There's a bit of back story to this:

Last Thursday, I wrote about parent and child tickets, which we use internally to help with root cause analysis and that period between analysis of an issue and fixing the issue. Glenn Halstead commented that it "seems to assume that all test failures result in a defect being logged."

So I thought I'd step back and talk about how we handle our automated tests and repeat failures, etc.

Here are the basics:
  • Every night at 7:05 pm the automated tests start. (We call these tests "nightly".)
  • The test runner machine triggers a build.
  • The test runner machine then starts running all the automated tests.
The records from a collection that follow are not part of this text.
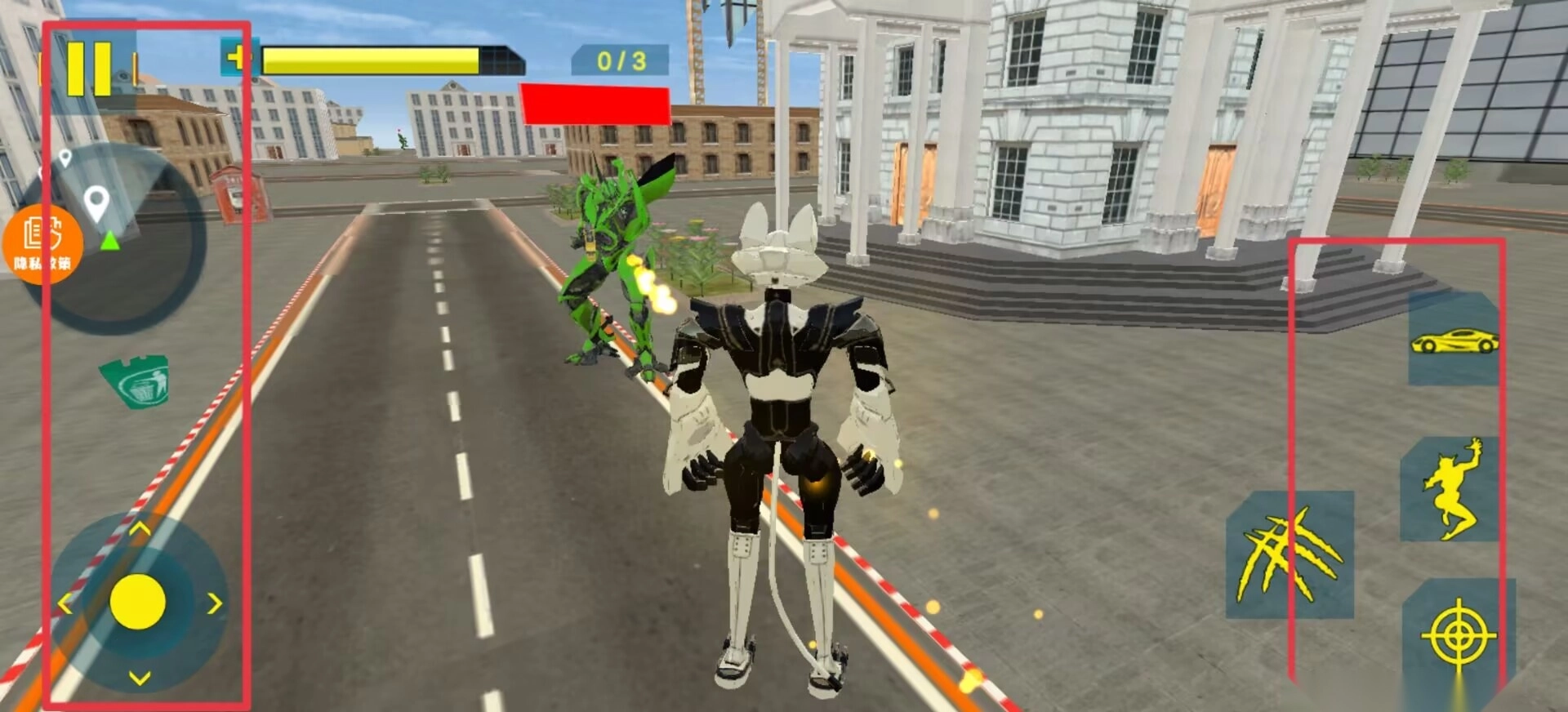 3、游戏过程中左侧显示暂停功能、生命值状态及移动操控区域,右侧配置变形、攻击等动作指令按键。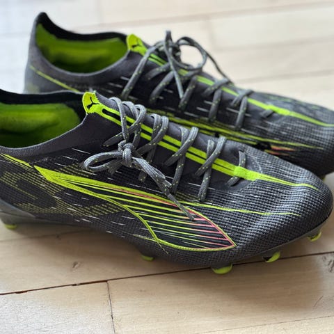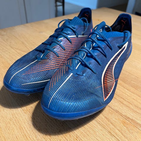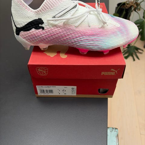 Puma Ultra 6 Ultimate MG fodboldstøvler i hvid farve, størrelse 42. Støvlerne er designet til voksne og har multifunktionelle knopper til brug på forskellige underlag. De er rigtig gode på kunstgræs.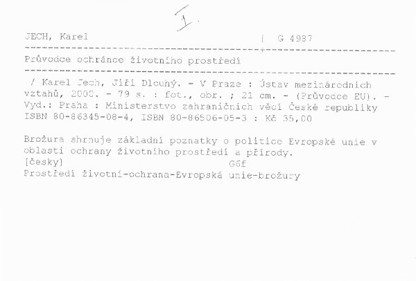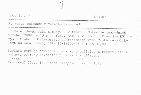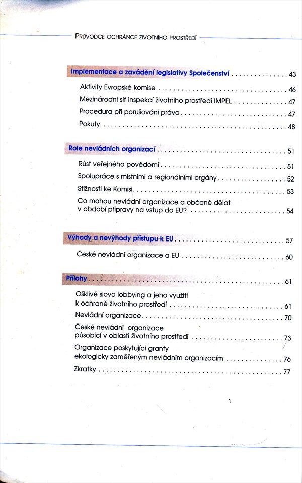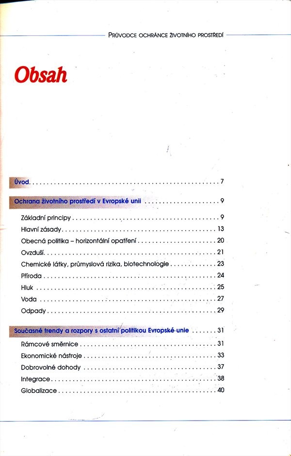 Informativní brožura stručně shrnuje základní principy ochrany životního prostředí v EU. Seznamuje s rámcovými směrnicemi, ekonomickými nástroji, úlohou Evropské komise. Část knihy je věnována úloze nevládních organizací v prosazování a dodržování trendu trvale udržitelného rozvoje. V příloze najdeme seznam zahraničních a českých neziskových organizací působících v oblasti ochrany životního prostředí.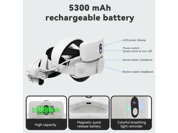 Lightweight and Convenient Design: The Quest 3 battery strap is only 1.4lb, the burden on the head and face are significantly reduced. And the 5300mAh battery pack adopts magnetic quick-release design and can be detached and charged easily.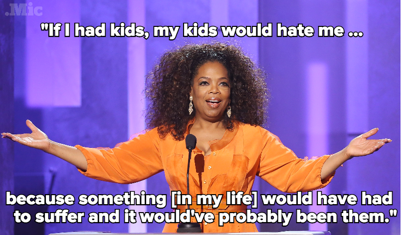 - Oprah Winfrey: “Nëse do të kisha fëmijë, ata do të më urrenin… sepse diçka [në jetën time] do të duhej të vuante dhe mendoj se do të ishin pikërisht ata që do të vuanin.”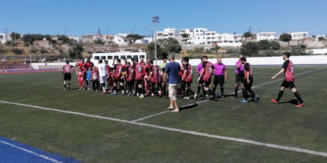 Τα γκολ της Συριανής ομάδας σημείωσαν οι Αγοραστός και Βλαχογιάννης στο 12΄ και 53΄, με την ομάδα της Σύρου να προηγείται 2-0 στο 53΄.Ωστόσο οι απουσίες της ομάδας, οδήγησαν τον Πάγο σε καθίζηση στο Β μέρος, με την ομάδα της Μήλου να σκοράρει 5 τέρματα με τους Μπάμπακαρ (60΄-72΄), Τόκα (66΄), Σάντα (75΄) και Στεφανάκη στο 84΄.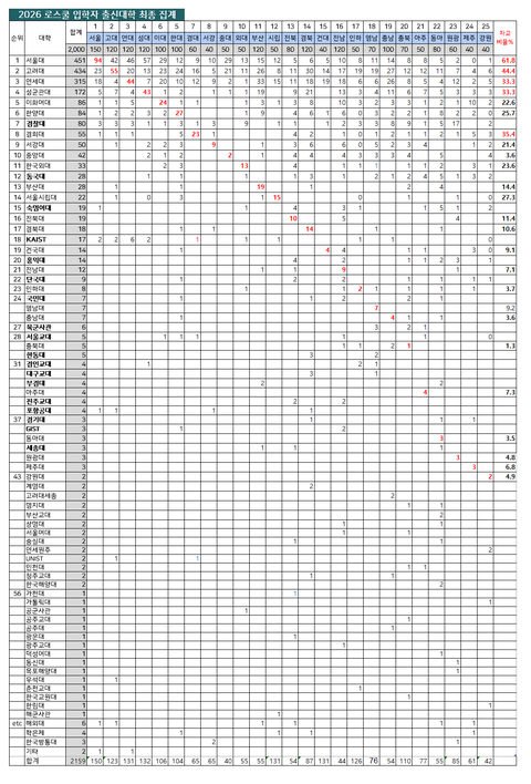 2026년 로스쿨 입학자 출신대학 현황
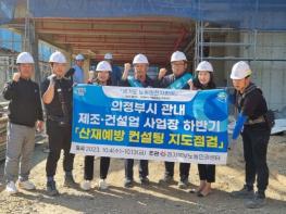 합동점검은 가능동에 위치한 근린생활시설 신축공사 현장에서 ▲안전모, 안전화 등 개인안전장구 착용 여부 ▲산업재해 예방조치 위반 사항 ▲이동식비계 안전난간대 미설치 등을 지적하고 개선을 요청했다.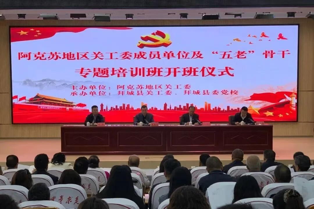 阿克苏地区关工委以提高组织力为重点,突出政治功能,以党建带关建,把基层关工委建设得更强更优。一是健全基本组织。积极构建县(市)、乡镇(街道)、村(社区)、学校和企业“五位一体”的关工委组织架构,形成横向到边,纵向到底的工作体系,建立2643个基层关工委组织,创建37个“五好”关工委组织,打造27个“五老”工作室。2023年9月召开全地区基层关工委组织规范化建设推进会,对各行业、各领域基层关工委的职责任务、工作制度、内容标准等方面进行了规范。2024年9月组织县市关工委和成员单位召开地区关工委工作推进会,推动关工委组织建设重点工作落地落实。二是建强基本队伍。落实常态化退出和补充机制,分行业、分类别、分层级对2.4万名“五老”人员分类摸底,登记造册,建立了2643人的“五老”骨干人才库,并结合不同特长分别组建了“五老”红色宣讲团、助困关爱团、法治工作团等。采取集体培训、专题研讨、座谈交流等形式,组织各级关工委成员和“五老”到兄弟地州市和其他省市区开展参观学习和考察调研,进一步开拓视野,更新理念。在春节、古尔邦节、重阳节等传统节日,地县两级关工委组织对“五老”进行看望慰问。35年来,阿克苏地区涌现出一批“五老”先进典型,王宝厚、王金山、程克美等同志先后荣获“全国关心下一代工作先进工作者”“全国青少年普法教育优秀辅导员”称号。三是强化基本保障。地委分管领导专门召开关工委基础保障工作协调会,统筹解决县(市)关工委机构设置、办公场所、工作人员、活动开展、经费保障和工作用车等实际困难和问题,实现了有机构管事、有人员干事、有经费做事、有阵地办事。
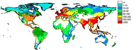 Figure 1. Nitrogen (inorganic N) export from watersheds to coastal systems. units: kg N km-2 watershed y-1. From S.P. Seitzinger and C. Kroeze 1998. Global distribution of nitrous oxide production and N inputs in freshwater and coastal marine ecosystems. Global Biogeochemical Cycles 12(1): 93-113. [pdf]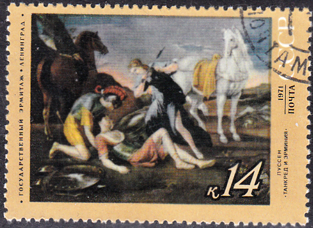 In einer Serie der Sowjetunion erschien diese Marke (MiNr 3902) mit dem Gemälde "Tankred und Herminia" von Nicolas Poussin.
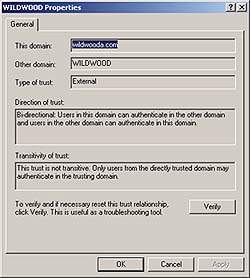 Система на базе Windows 2000 более интеллектуальна в плане организации доверительных отношений, нежели система NT 4.0. Для того чтобы отобразить статус доверительных отношений, нужно выбрать любой из доменов, участвующих в доверительных отношениях, и щелкнуть на кнопке Edit. Определить причину затруднений при работе через доверительное соединение возможно с помощью режима верификации (см. Рисунок 5). Для этого нужно щелкнуть на кнопке Verify, и тем самым обновить доверительные отношения доменов. Поскольку я выполняла загрузку одной и той же станции, но только в разных конфигурациях (как автономный сервер и как контроллер домена Windows 2000), мне приходилось часто использовать описанную выше функцию.Я таким образом подтверждала, что доверительные отношения с NT 4.0 все еще существуют, хотя контроллер домена Windows 2000 в течение нескольких дней был выключен.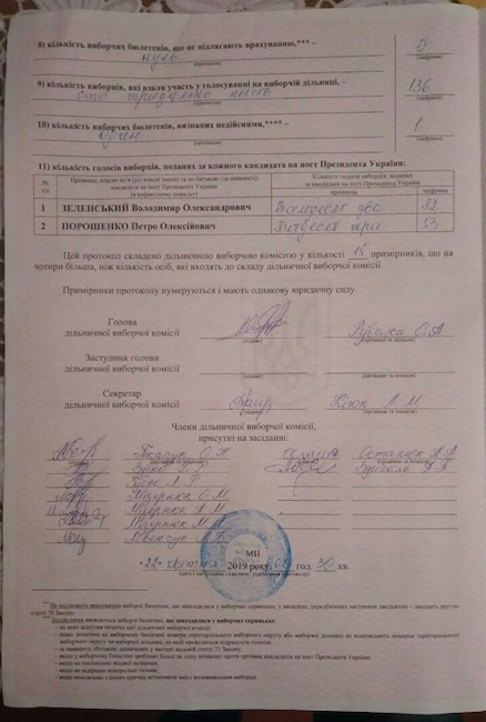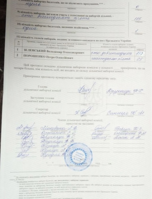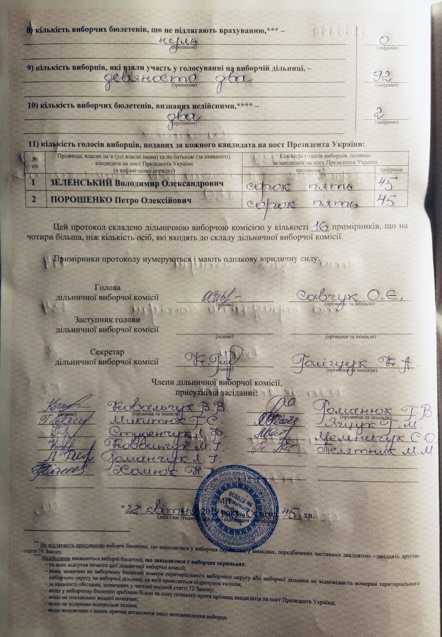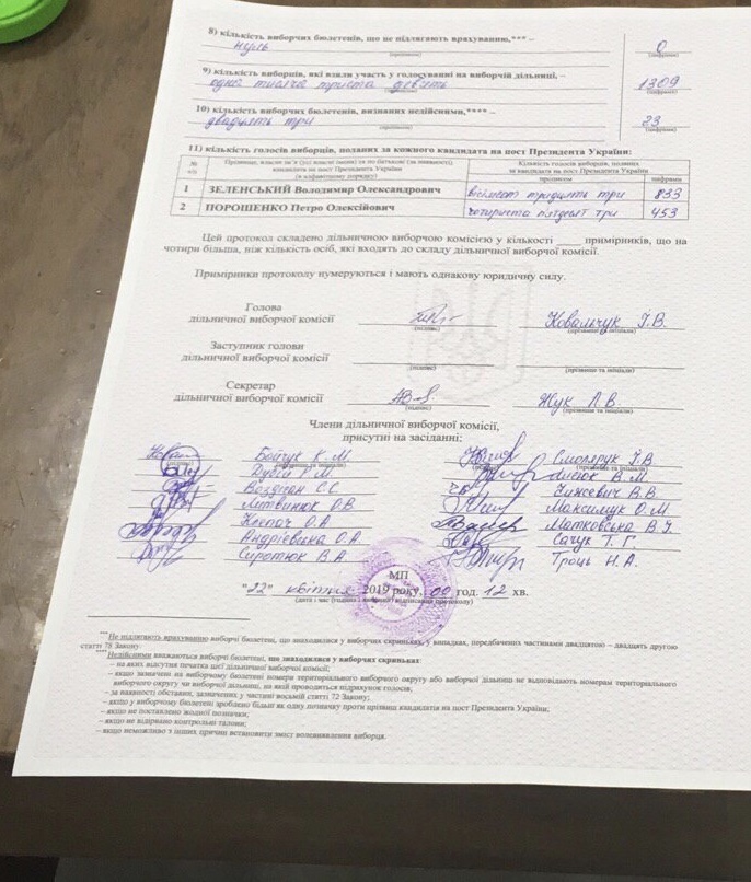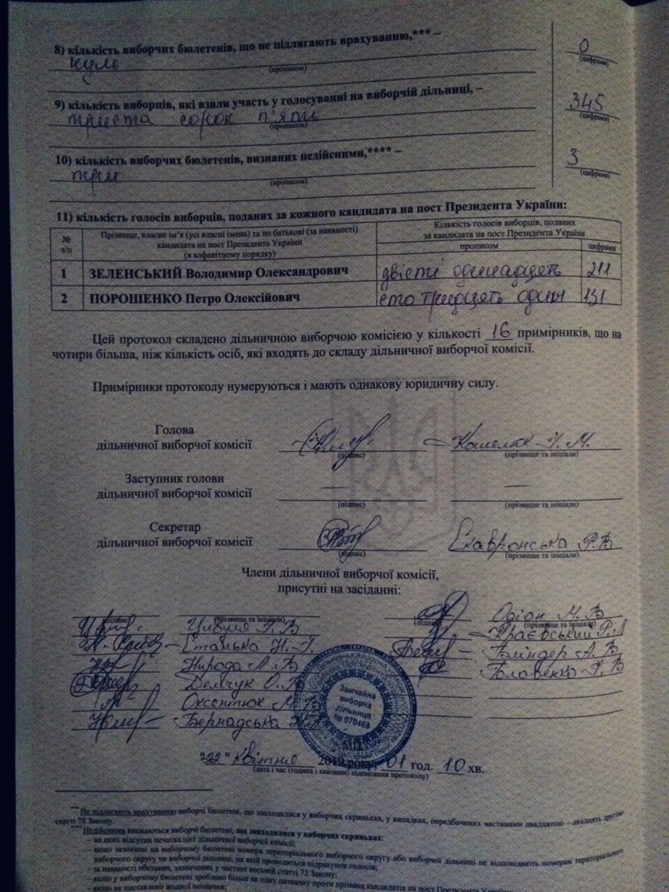 Відповідно до частини 4 статті 79 Закону України «Про вибори Президента України» у протоколі про підрахунок голосів виборців на виборчій дільниці зазначаються дата і час (година і хвилини) його підписання членами дільничної виборчої комісії. Кожен примірник протоколу підписується головою, заступником голови, секретарем та іншими членами дільничної виборчої комісії, які присутні на засіданні виборчої комісії. Цей протокол підписується членами дільничної виборчої комісії та засвідчується печаткою дільничної виборчої комісії лише після його остаточного заповнення.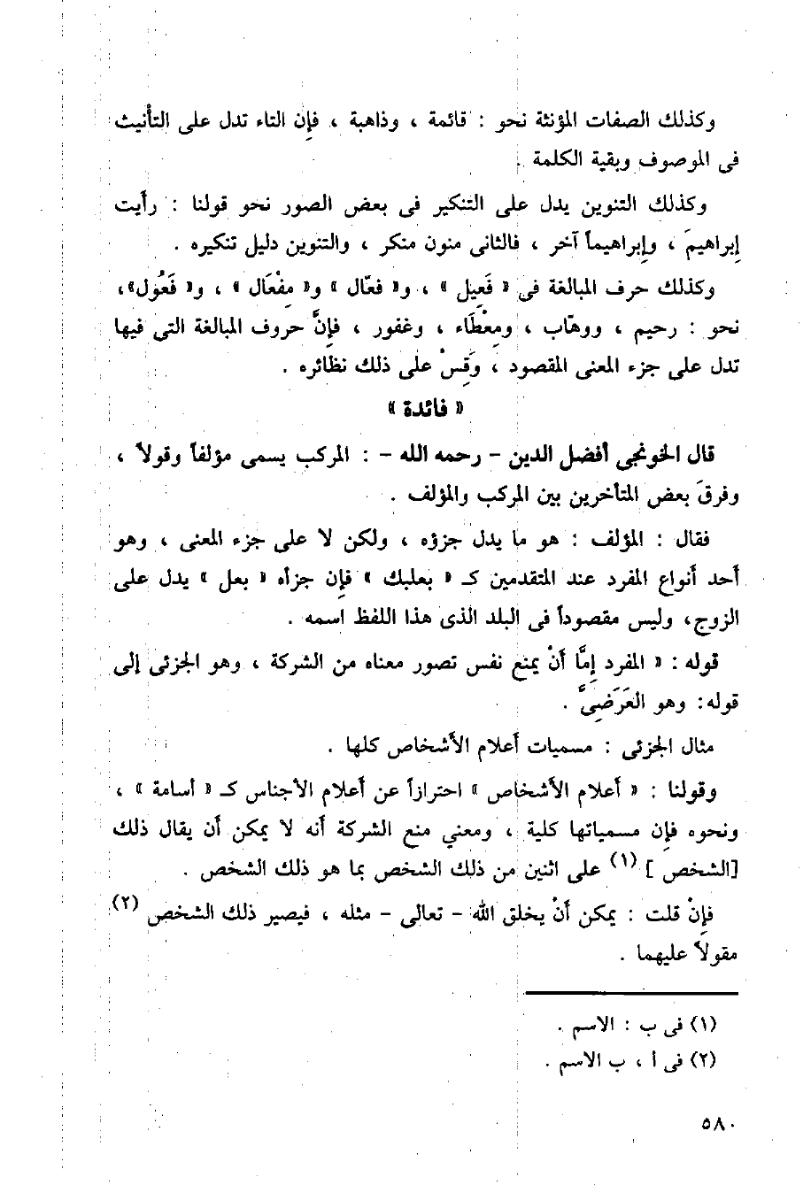 قال الخونجى أفضل الدين -رحمه الله-: المركب يسمى مؤلفا وقولا، وفرق بعض المتأخرين بين المركب والمؤلف.

There are details about how this is done, but we can talk about that later.
  • (Hours pass)
  • In the morning, someone in QA checks on the progress of the automated tests. We use a script that gives us a quick overview of progress.
  • When the automated tests are done, the test runner machine is quiet.
  • QA then performs what we call triage.
So what can happen in triage?
There are several things that can happen:
  • The test finished successfully. (Hooray!)
  • The test finished but there was a failure (by this we mean assertion failure).
  • The test never finished (by this we usually mean hung or timed out)
  • The test finished but threw an error not in an assertion.
  • The test finished but left its infrastructure (machines, network configuration) in an unclean state.
That's a lot of options, I know. Let's address each in turn:

The test finished successfully.
What It Means: This is the standard test passes case. This case covers the vast majority of tests.
What QA Does: Nothing. The passing test result is already in the test logs, and QA takes no further action.

The test finished but there was a failure.
What It Means: This is what I think of as the standard "test fails" case. There was an assertion, and the actual result did not meet the expected result.
What QA Does: Logs or updates a bug. This may be a new bug or added to the bug for an existing issue, but either way, the failure gets noted every single night right in the defect tracking system. This makes it a lot easier when we're later looking at a bug and trying to identify frequency of failure, when it started failing, if it's still happening, etc.

The test never finished.
What It Means: One of two things happened here. The test may have timed out and been cut off. Or the test may have simply sat there "forever" (where forever actually means until it had been far longer than the test should have taken and a human went in and killed it). This happens for us when a test is waiting for a copy to finish over a mount that has died, for example.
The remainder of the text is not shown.